Trovare le chiavi di accesso

In effetti, sulle difficoltà di calcolo, come sulla lettura lenta e la disortografia – i tratti tipici del dislessico – c’è ancora tanto da comprendere.

Sono tappe fondamentali la presa di coscienza del problema, con il supporto di esperti, l’individuazione degli strumenti da mettere a disposizione del dislessico, con il ruolo delle famiglie e degli insegnanti che diventa fondamentale per individuare le chiavi di accesso anche al percorso di studio più adatto.

Abbiamo esempi di studenti con dislessia che proprio grazie all’individuazione di queste chiavi di interpretazione sono riusciti a raggiungere la laurea, addirittura in discipline “pesanti” come la Matematica.

L’esperta: alla base disfunzioni neurobiologiche

Ma cosa è la dislessia? Riportiamo una definizione, rilasciata recentemente dalla dottoressa Alessandra Luci, psicologa, psicoterapeuta, D.U. in Logopedia, durante un’intervista alla Tecnica della Scuola: secondo quanto specificato anche nella Consensus Conference dell’Istituto Superiore di Sanità, ne giugno del 2011, la dislessia, come la disgrafia, è un disturbo specifico dell’apprendimento, alla cui base vi sono delle disfunzioni neurobiologiche, quindi specifiche, che coinvolgono uno specifico dominio di abilità lasciando intatto il funzionamento intellettivo generale, e che riguardano l’apprendimento.

Conseguentemente, i disturbi si manifestano con l’inizio della scolarizzazione e sono diagnosticabili una volta terminato il normale processo di insegnamento delle abilità di lettura e scrittura, quindi al termine della classe seconda primaria.

Nello specifico, la dislessia è un disturbo nella lettura, intesa come abilità di decodifica del testo: minore correttezza e rapidità della lettura a voce alta rispetto a quanto atteso per età anagrafica, classe frequentata, istruzione ricevuta.

Disturbi cronici, ma si può fare molto

Sempre la dottoressa Luci ha ribadito che “dislessia e disgrafia sono disturbi cronici, quindi non si risolvono nel tempo, ma la loro espressività si modifica in relazione all’età e alle richieste ambientali: si manifestano, cioè, con caratteristiche diverse nel corso dell’età evolutiva, delle fasi di apprendimento scolastico ed anche in funzione della complessità ortografica della lingua scritta oggetto di apprendimento”.

Malgrado la cronicità della dislessia, per i bambini con questi disturbi si può fare molto.

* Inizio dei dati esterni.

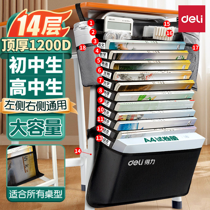 得力大容量课桌收纳袋挂袋初中生挂书袋侧学生书本书袋课桌神器高中生书桌书挂多功能书立放书袋子桌边带定制
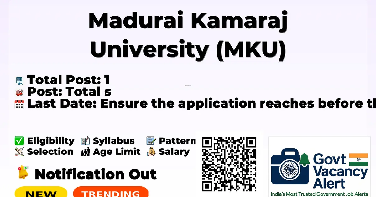 Madurai Kamaraj University (MKU) has officially released a notification for the recruitment of 1 Project Assistant (PA) Posts. This recruitment drive offers a great opportunity for candidates looking for government jobs. Interested and eligible candidates can download the application form from the official website and submit it offline.
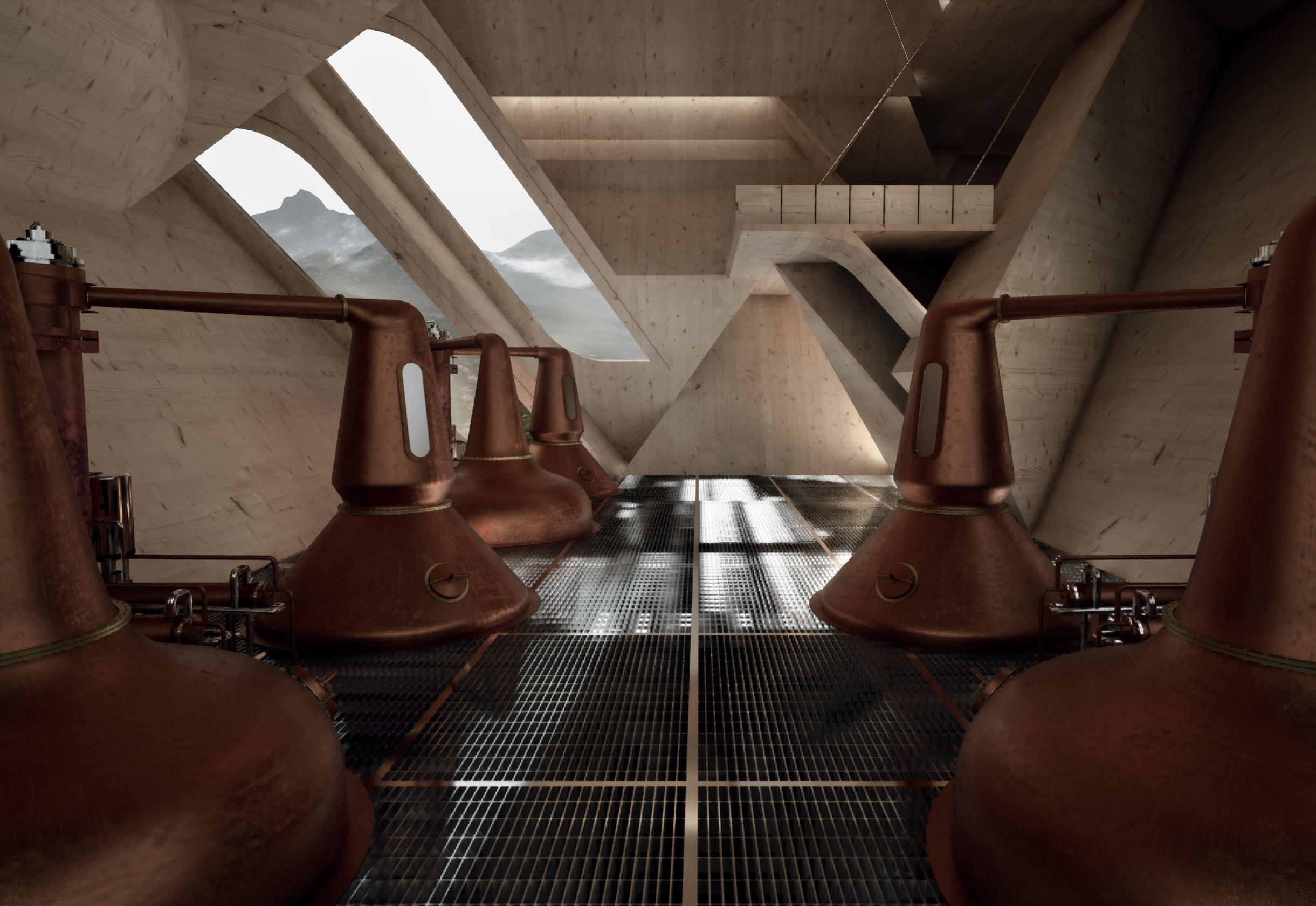 Inside, the distillation process unfolds as a spectacle, visible from a corridor above where visitors can observe the stills at work. The bright, luminous interiors stand in deliberate contrast to the misty and somber landscapes of Skye, using light to articulate notion of sublime obscurity—where clarity and darkness coexist to evoke wonder and astonishment.
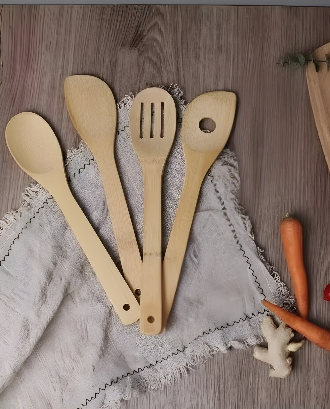 Upgrade your kitchen with this 4-Piece Bamboo Wooden Cooking Spoon Set, designed for everyday cooking and serving. Made from 100% natural bamboo, these spoons are eco-friendly, durable, and safe for non-stick cookware. The set includes a variety of spoon styles, perfect for stirring, mixing, sautéing, and serving all types of dishes. Lightweight yet strong, these bamboo spoons resist heat, stains, and odors, making them a healthier alternative to plastic utensils
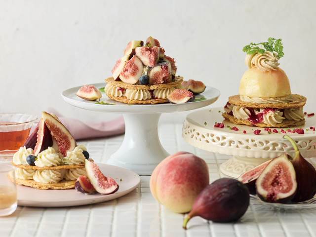 ティールームのルミネ有楽町、東京スカイツリータウン・ソラマチ、紙屋町シャレオでは、2025/7/17から、まるごと白桃をのせたミルフィーユ、2025/8/14からは、上品な甘さのいちじくにフローズンヨーグルトをあわせたフルーツミルフィーユ2種が順次登場します。
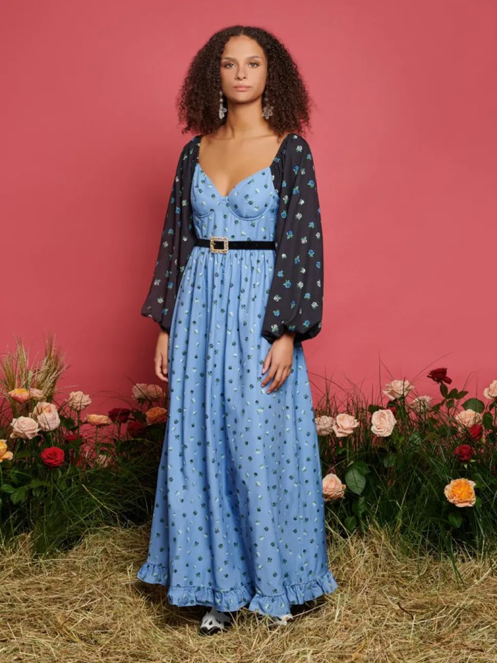 The Pastures Sing Amongst A Scattering Of Sky-Blue And Ditsy Florals. This Mixed-Colour Maxi Dress Is A Two-Tone Silhouette To Be Treasured. Flourish With A Fitted Waist And Flowing Skirt, Fastened With The Rodeo Gem Buckle Belt.
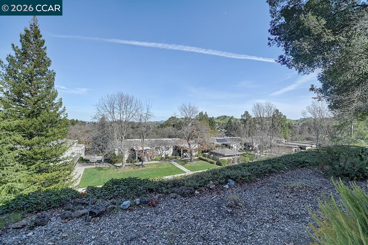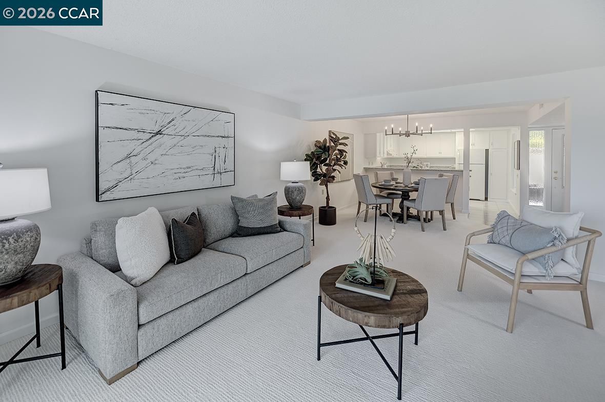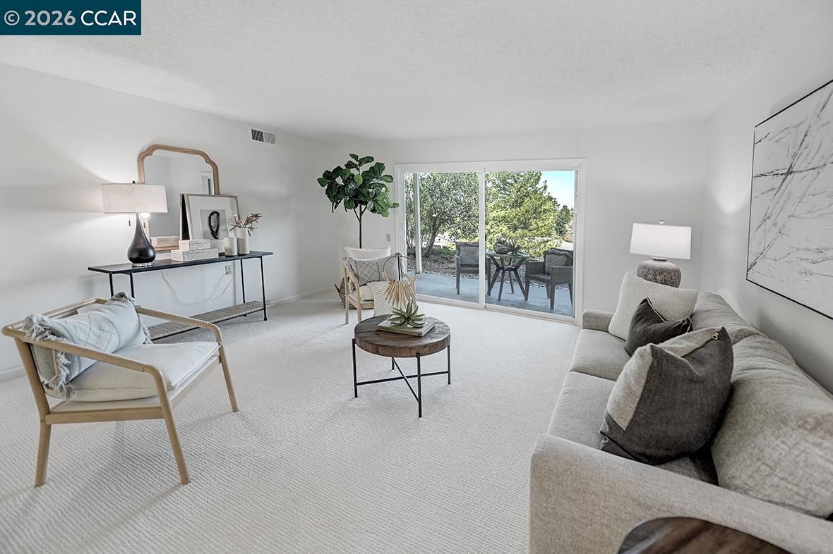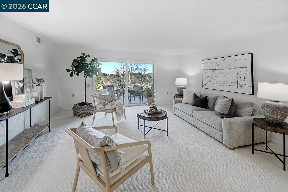 Charming Carmel model in a private, serene setting! This light and bright two-bedroom, one-bath home is move-in ready and beautifully refreshed with new carpet, fresh interior paint, and a stylish new dining room light fixture. Enjoy the spacious landscaped front patio — perfect for morning coffee or outdoor entertaining. The back patio offers a lovely grassy area and expansive views of the Tice Valley hills, creating a peaceful retreat. Complete with a full-size washer and dryer, this inviting home offers comfort, charm, and exceptional outdoor living, perfect for you and your furry friend. Rossmoor is a 55+ active adult gated community.
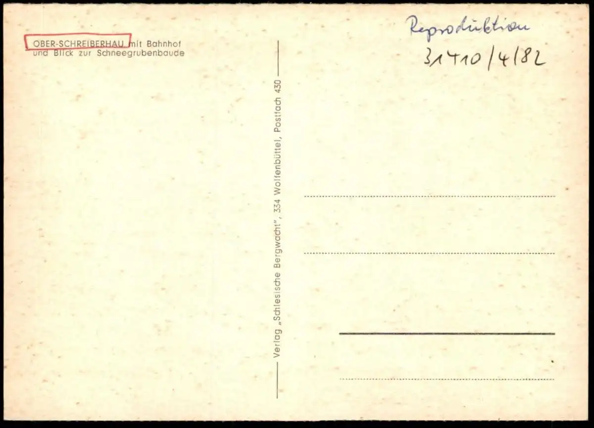 ÄLTERE POSTKARTE OBER-SCHREIBERHAU MIT BAHNHOF & BLICK ZUR SCHNEEGRUBENBAUDE RIESENGEBIRGE
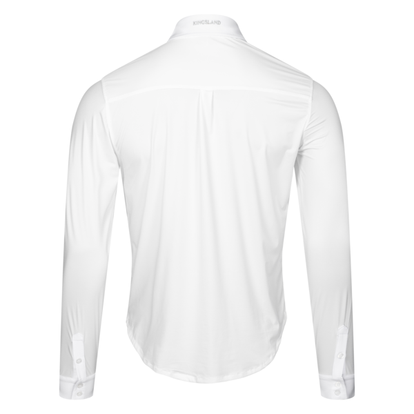 La polera de concurso Kingsland con cuello abotonado, trabilla con impresión del logotipo KL y logotipo Kingsland bordado en el pecho, funcional en tejido italian con control de la humedad.
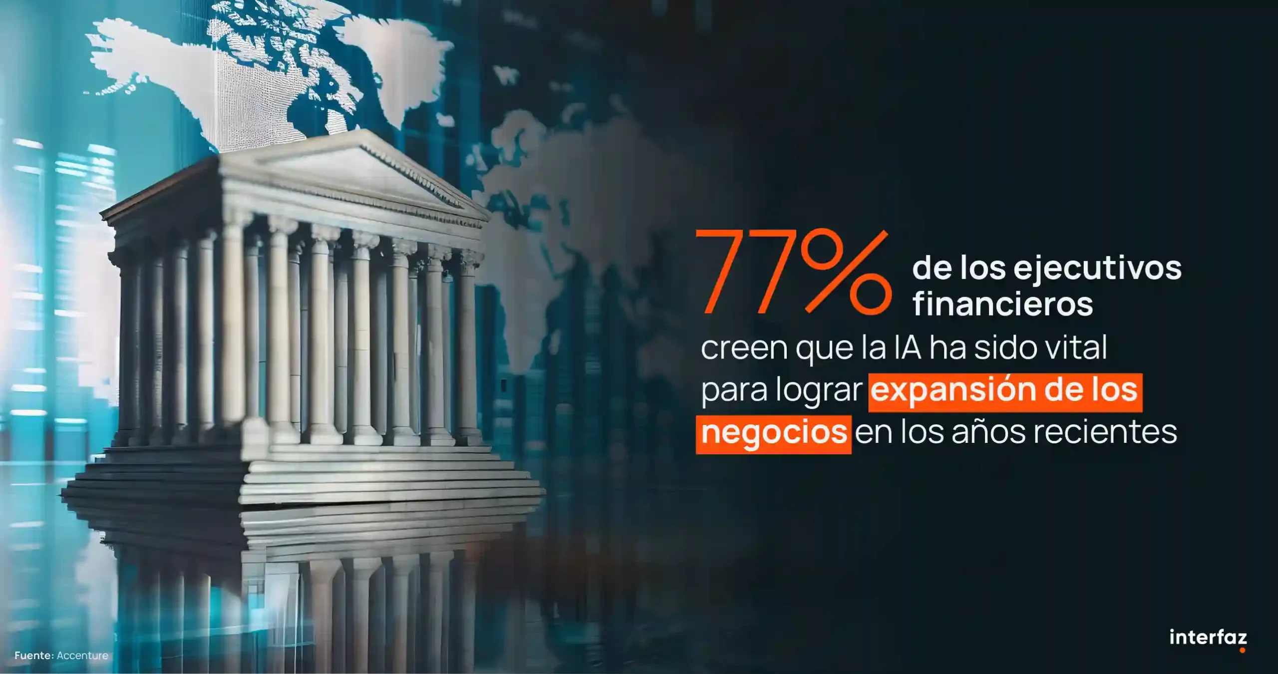 Accenture informa que el 77% de los ejecutivos financieros cree que la IA ha sido crucial para el crecimiento del sector en los últimos años, especialmente en factores clave.

Le prassi pedagogico-didattiche possono modificare l’espressività del disturbo e questo è il motivo per cui nelle “Linee guida per il diritto allo studio degli alunni e degli studenti con disturbi specifici di apprendimento” allegate al Decreto Ministeriale 12 luglio 2011, il ministero dell’Istruzione ha fornito specifiche indicazioni sul metodo di insegnamento e apprendimento della letto-scrittura da utilizzare con alunni e studenti con Dsa.